As the 2025 tax-filing season approaches, individuals are reminded to gather their tax slips and receipts. The official start kicks off on Monday and continues for just over nine weeks, culminating with the April 30 deadline for most taxpayers. Throughout this period, employers typically send out T4 slips by the end of February via various channels including mail, email, or through employee portals. Financial institutions also issue investment slips, while more advanced investment firms provide clients with an annual summary detailing all investments and gains during the same timeframe.
Ryan Minor, director of tax at CPA Canada, advises that if you anticipate owing money to the government, it may be wise to engage in some scenario planning. Contributions to a registered retirement savings plan (RRSP) can assist in reducing your taxable income, contingent on having available contribution room. Taxpayers have until March 2, 2025, to contribute to their RRSPs for that tax year.
Yannick Lemay, a tax specialist at H&R Block, underscores the necessity of familiarizing oneself with the variety of credits and deductions available. Canadians may be eligible for over 400 various credits and deductions at tax time, making it crucial to gather all pertinent documentation since most credits require supporting documents.
According to Minor, missing out on certain tax credits, such as the disability tax credit, is not uncommon. He highlights that individuals have benefitted from reassessments for previous tax years, resulting in refunds when they claimed these credits. It is essential for taxpayers to review their unique situations to identify any credits they may qualify for, including those aimed at first-time homebuyers or home accessibility improvements.
Setting up and reviewing your Canada Revenue Agency (CRA) account is integral in ensuring no vital slips or documents have been overlooked. Minor emphasizes the importance of tracking down any missing slips, particularly if the CRA has a record of documents that you do not possess.

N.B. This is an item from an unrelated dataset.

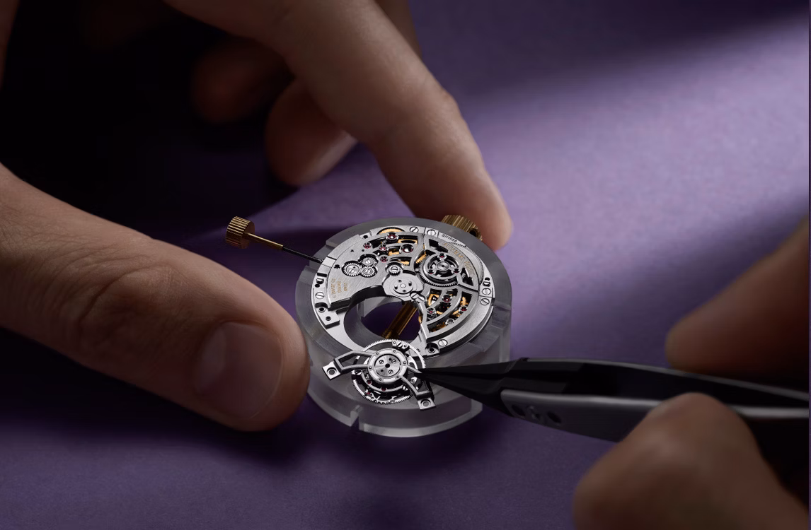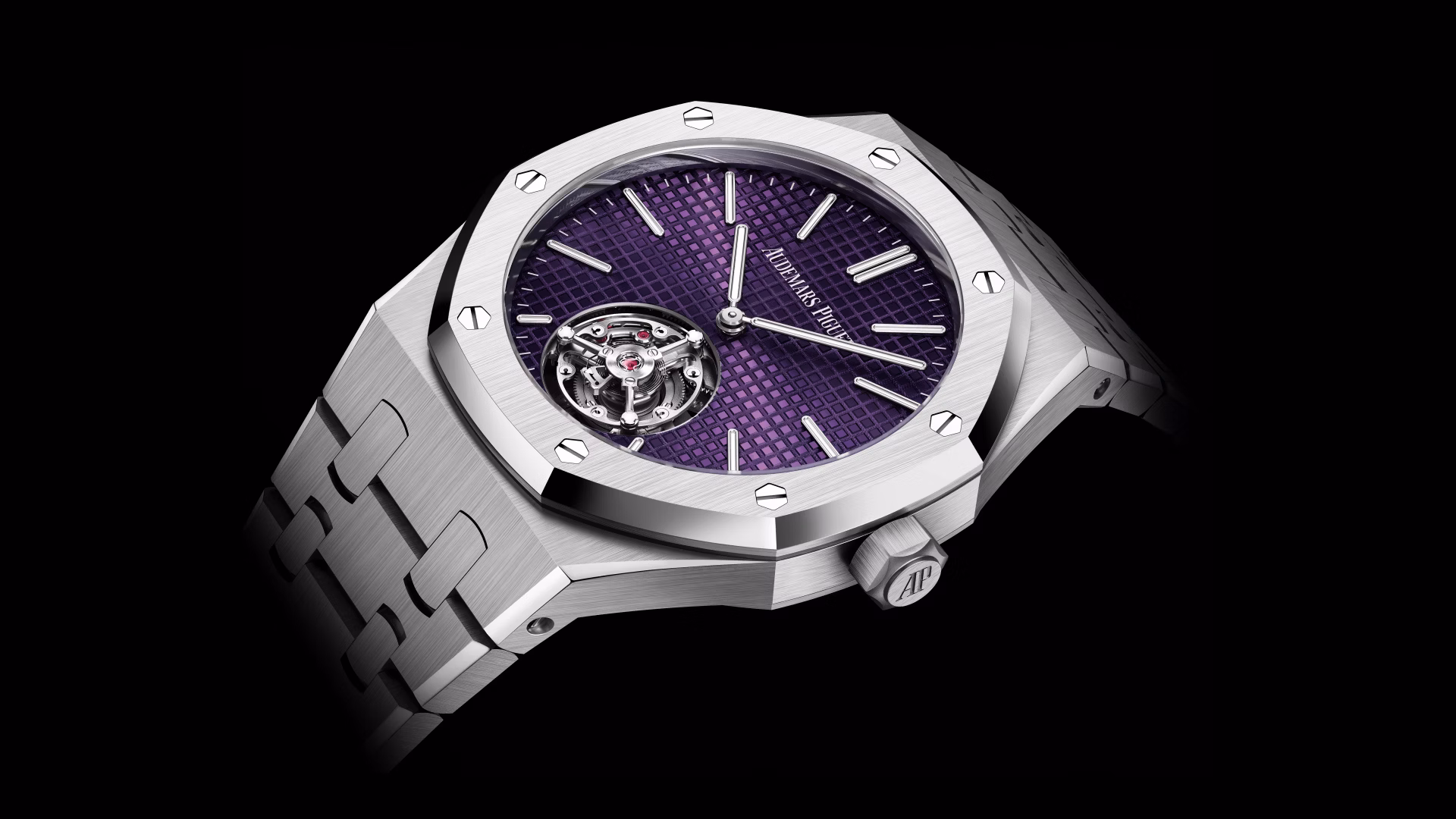This extra-thin 37 mm Royal Oak, powered by Calibre 2968, embodies the Manufacture's first ever selfwinding flying tourbillon offered in a 37 mm diameter. Endowed with a new plum "Petite Tapisserie" dial and an innovative escapement system, this stainless steel timepiece blends technical feats with meticulous aesthetic.

The CRA My Account provides access to information related to refunds, credits, appeals, and direct deposit timelines for tax refunds. Even for those not filing immediately, checking that personal information like addresses are current in the system is advisable to allow for corrections before filing.
This tax season will include several changes introduced by the CRA. Notably, taxpayers will no longer have to wait days for a mailed code when opening their CRA account; instead, they can verify their identity utilizing online tools. Charles Drouin, an agency spokesperson, mentioned that a valid photo identification card issued by the government, such as a driver's license, alongside the last tax return filed within the last two years, would be necessary for this online verification.
Furthermore, the agency promotes the use of its new AI-driven chatbot for addressing taxpayer queries. For self-employed individuals, Minor stresses the importance of determining any owed taxes before April 30, despite the extended deadline of June 15 for filing returns. Those who owe money must ensure payment is made by the end of April to avoid accumulating interest, even with the additional time allowed for filing.
As tax season commences, experts advise against rushing to file taxes. Minor mentions that some individuals might not receive all tax slips, such as those related to trusts, until March. Filing early may be appropriate for straightforward cases, such as having a T4 and expecting a refund, but it ultimately depends on having all necessary documents before submission.
This guide serves as a valuable tool for Canadians preparing for the 2025 tax-filing season, highlighting essential deadlines, potential credits, and the importance of thorough preparation.